Insect Ecology and Conservation Major
Why insect ecology and conservation?
Insects are becoming extinct faster than any other group of species. Conserving insects, the foundation of the world’s biodiversity, is the first step towards protecting the planet. Insect Ecology and Conservation is the study of the most abundant creatures on Earth—insects—and their interactions with other wildlife, humans, and the environment. Our students wonder how and why insects do what they do. They use this curiosity to try and figure out how to reduce negative effects of insects on humans without negatively affecting other life forms. Looking at insects’ structure, function and behavior, entomology majors spend much time in lab and in the field, which are both part of this challenging, biology-based curriculum. Students specialize in all aspects of insect ecology, conservation, physiology, and taxonomy. We have a hands-on curriculum where students learn by doing.
The University of Delaware boasts the only insect ecology and conservation undergraduate major in the nation! UD has the only department that couples insect and wildlife ecology and conservation providing a holistic program that provides our graduates with a more diverse set of professional skills and career options. We have a small and dedicated faculty that work closely with our students on a regular basis through undergraduate research, study abroad trips, in-class field trips, and local research opportunities.
Our graduates are prepared to enter the workforce with a holistic ecosystem level view of our precious landscape. UD prepares students important jobs such as field biologists, pest control operators or agricultural entomologists working towards sustainable solutions in the areas of integrated pest management, biological control, urban entomology, forensic entomology, pollination ecology, insect conservation or environmental education — just to name a few. Many of our students pursue graduate education in entomology in fields like insect ecology, insect conservation or insect taxonomy.

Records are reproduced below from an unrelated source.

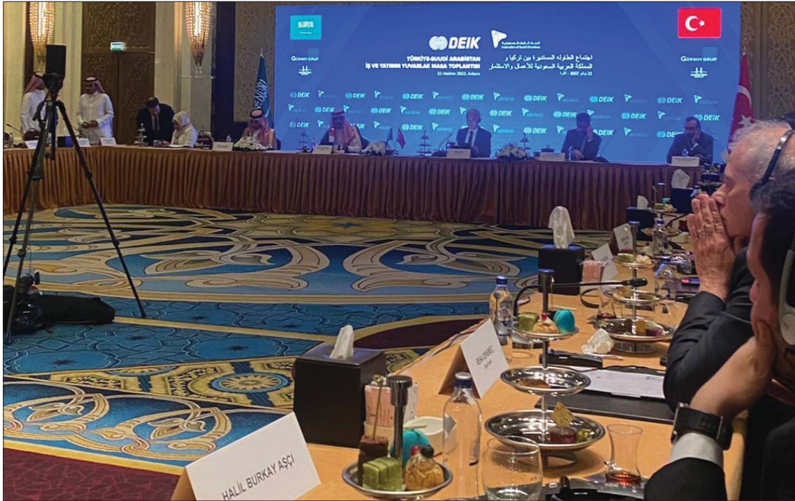
جانب من اجتماع رجال الأعمال السعوديين والأتراك في تركيا أمس

وزاد أن أهم الاتفاقيات المحتملة هي توسيع حجم التجارة والتعاون في كل مجال تقريباً ومجالات السياحة، مشيراً في حديث لـ «الشرق الأوسط» إلى أن «النقطة الأكثر أهمية هي أن هناك المئات من الشركات والأنشطة الشخصية مدعومة باتفاقيات ثنائية ومبادرات فردية، من الطاقة إلى البنية التحتية للاتصالات
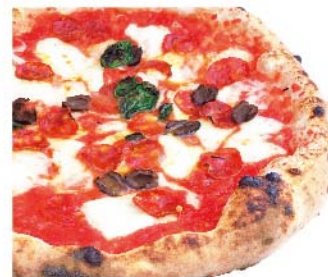
ディアヴォラ Diavola トマトソース・モッツァレラ・辛肉サラミ・オリーブ・バジリコ
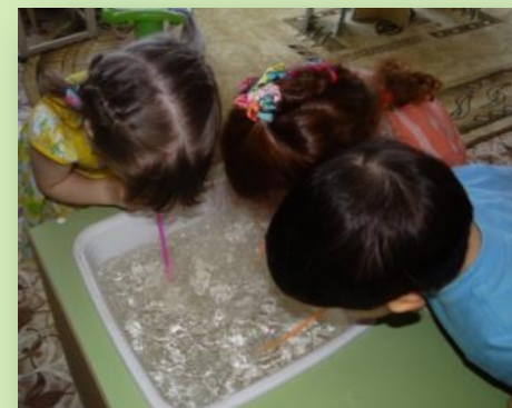
Дыхательная гимнастика «Воздушные пузырьки»
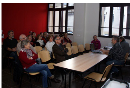
Vue de l'assemblée

L'assemblée générale extraordinaire se tenait dans la foulée pour une modification des statuts. La modification portait sur la domiciliation à la Maison des Associations. Les objectifs du club n'ont pas été modifiés. Même si nous utilisons 50% d'ordinateurs sous Windows, la vocation du club reste l'utilisation maximum de logiciels libres.

Integrated pest management. Biological control. Pesticide research. Forensic entomology. Environmental consulting. Nature education. Habitat restoration. These careers and more are shared by hundreds of our alumni. While some students enter the workforce right after college, others further their education in graduate school, studying subjects like pest management, insect ecology, and genetics. Whatever your goal, we host job search workshops and career days as you pursue internships, develop your communication skills and network with prospective employers. This, in addition to doing well academically, greatly multiplies your post-graduate opportunities.